1. Launch QuarkXPress and create a new document by clicking File > New Document. This opens the New Document dialog. Choose "US Letter" from the "Size" box and Quark™ will supply the 8 1/2 x 11 inch paper dimensions. Enter 36 points for each of the Margin Guides. If the default units of measurement are setup in points, you don't have to enter "pt" after each number. Click each of the "Facing Pages" and "Automatic Text Box" check boxes. The data placed in this dialog sets up the default master page for the document. Click "OK".

techdoc001.gif

2. At this point Quark will insert one blank master page (which it calls "A-Master A" and which you can rename) and one blank document page into the document. Click File > Save, name the file "techdoc.qxd" then click "Save".

A master page is a page you design which can be applied to any document page. Master pages give a document a distinct and consistent look. You place text and picture boxes, page rules and other objects on a master page just like any other document page. The big advantage to using master pages (like style tags) is that changes made to one master page will reflect on all the pages of your document to which the master page has been applied.

Below is the "Document View" showing the blank page.

techdoc002.gif

3. There are three views (or displays) in Quark. There is a document view, a master page view and a thumbnails view. Quark doesn't express these views in exactly these terms, but they exist, nevertheless. You shift between document and master pages as you work. One way to shift between them is via the Document palette (below).

The Document palette is divided into three sections. The top section contains blanks for creating new master pages. There is a blank for single pages and a blank for facing pages. The center section contains the master pages that have been defined in your document and the bottom section displays the document pages along the spine of the document. You create a new master page by dragging a blank from the top to the center section. You apply existing master pages to the document by dragging them from the center section to pages in the bottom section.

You shift to the document by double-clicking on any document page icon in the bottom section. You shift to a master page by double-clicking on any master page icon in the center section.

The "A" in page one of the Document palette shown below shows that page one is based on the "A-Master A" master page (defined in step 1 above). Double-click the master page icon "A-Master A" for the next step.

techdoc007.gif

4. Below are the master pages of the spread created in step 1. Click the Item tool itemtool.gif (the top button in the Tool Palette) to prepare for the next step.

techdoc003.gif

5. The first thing to place in our master pages will be page guides for objects to snap to. You also can place page guides on individual document pages but when each page requires guides in the same positions, it makes more sense to make one set of guides on a master page that will appear on every page of your document.

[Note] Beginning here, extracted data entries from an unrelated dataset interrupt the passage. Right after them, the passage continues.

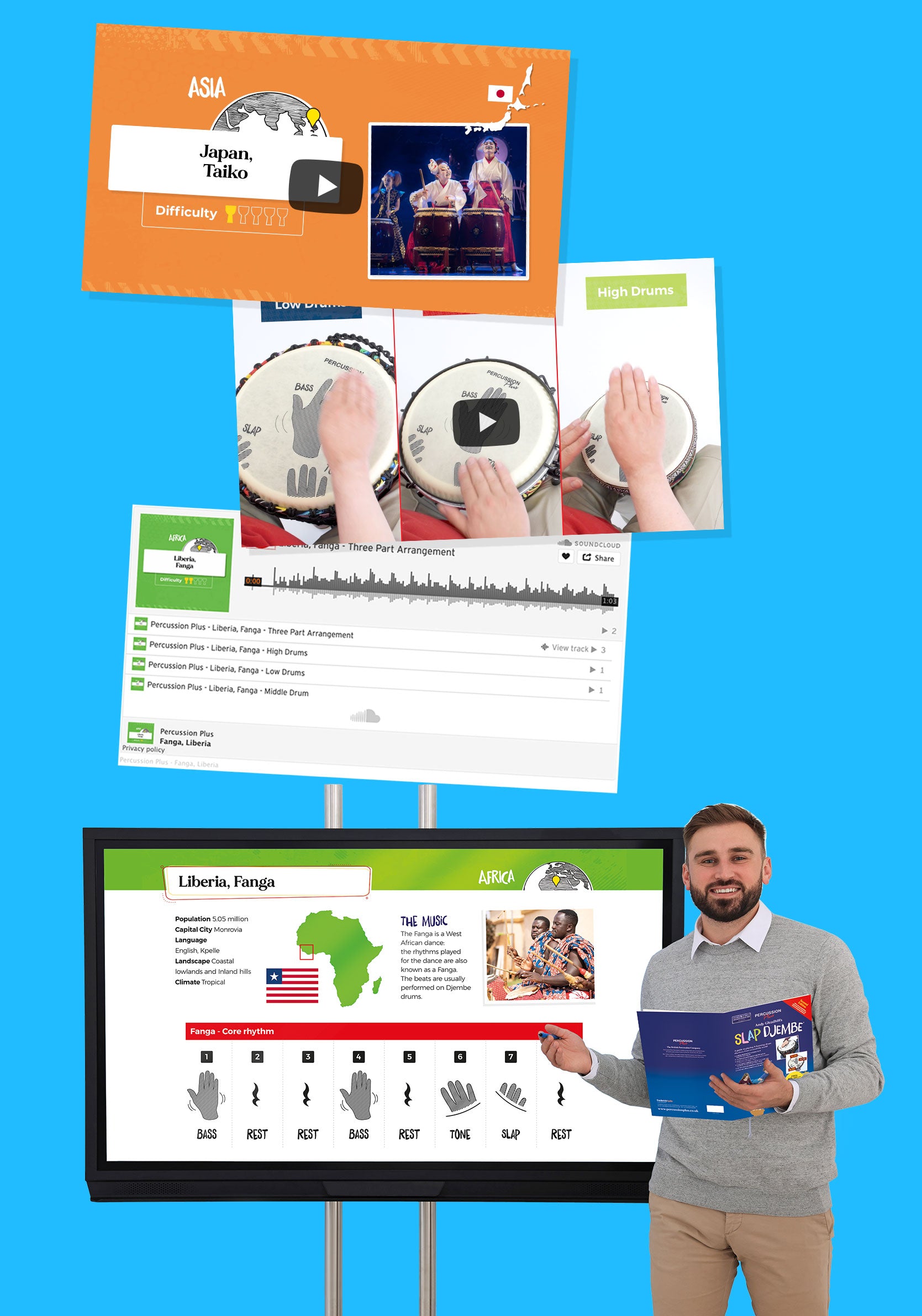 Watch and play along with video performances of every tune, or use the audio clips of each separate part (with metronome intro) as a handy reference when learning and teaching the rhythms. We’ve updated the resources to include all the rhythms, lesson plans and call & response patterns from the book in a format compatible with interactive whiteboards, so now you can teach even more efficiently.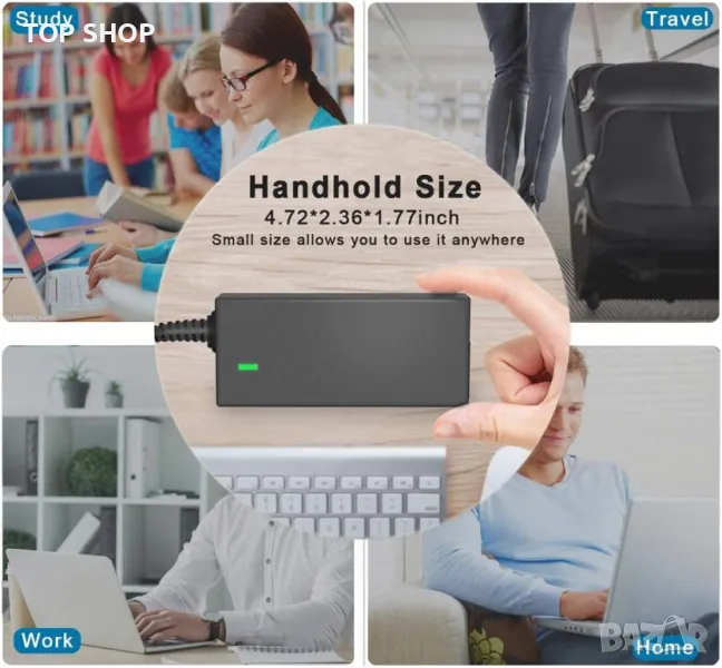 100% чисто нов, DC-изход: 19V~3.42A~65W; Вход: 100-240V ~ 1,2 A 50/60 Hz; Размер на конектора за постоянен ток: Вътрешен диаметър: 1,1 mm, Външен диаметър: 3,0 mm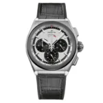 Silver-tone brushed titanium case with a black alligator leather strap. Fixed silver-tone ceramic bezel. Silver-tone dial with silver-tone – rhodium plated hands and index – rhodium plated hour markers. Minute markers around the outer rim. Dial Type: Analog. Luminescent hands and markers. Chronograph – sub-dials displaying: three – 60 second, 30 minute, small second.

The zoom factor affects the precision of the placement of page guides. You determine the zoom factor by trial and error. The zoom factor you choose in setting up your own master pages will depend upon where the page guides will be placed. In this case zoom to 400%.

If the rulers and the Measurements palette are not already showing, click View > Show Rulers and View > Show Measurements to display them. Drag the mouse from the top ruler downwards watching the Measurements palette as you drag. When the y-coordinate reaches 112.5 points, release the mouse button.

techdoc004a.gif

6. The y-coordinate will be displayed in the Measurements palette so long as the mouse button is held down while dragging a horizontal page guide. Conversely, the x-coordinate will be displayed while dragging a vertical page guide. As soon as the mouse button is released, the coordinate value will disappear from the Measurements palette. There is no way to select a page guide and position it with the measurements palette by entering values in the x and y coordinates. This is why the zoom factor must be worked out before creating or repositioning page guides. Page guides are deleted by first selecting the Item tool then dragging the page guide into the ruler and releasing the mouse button.

techdoc004c.gif

7. That brings us to a very important point about using QuarkXPress. Always record the zoom value used to position page guides in the event that they become inadvertently repositioned. Beginning with version 4.04, Quark has included the Guides Manager extension. This utility will enable you to lock page guides and prevent their being moved by accident. Prior to the Guides Manager, it was often faster to ditch a page and recreate it by pasting the page objects on a new page than to try to fool with repositioning page guides.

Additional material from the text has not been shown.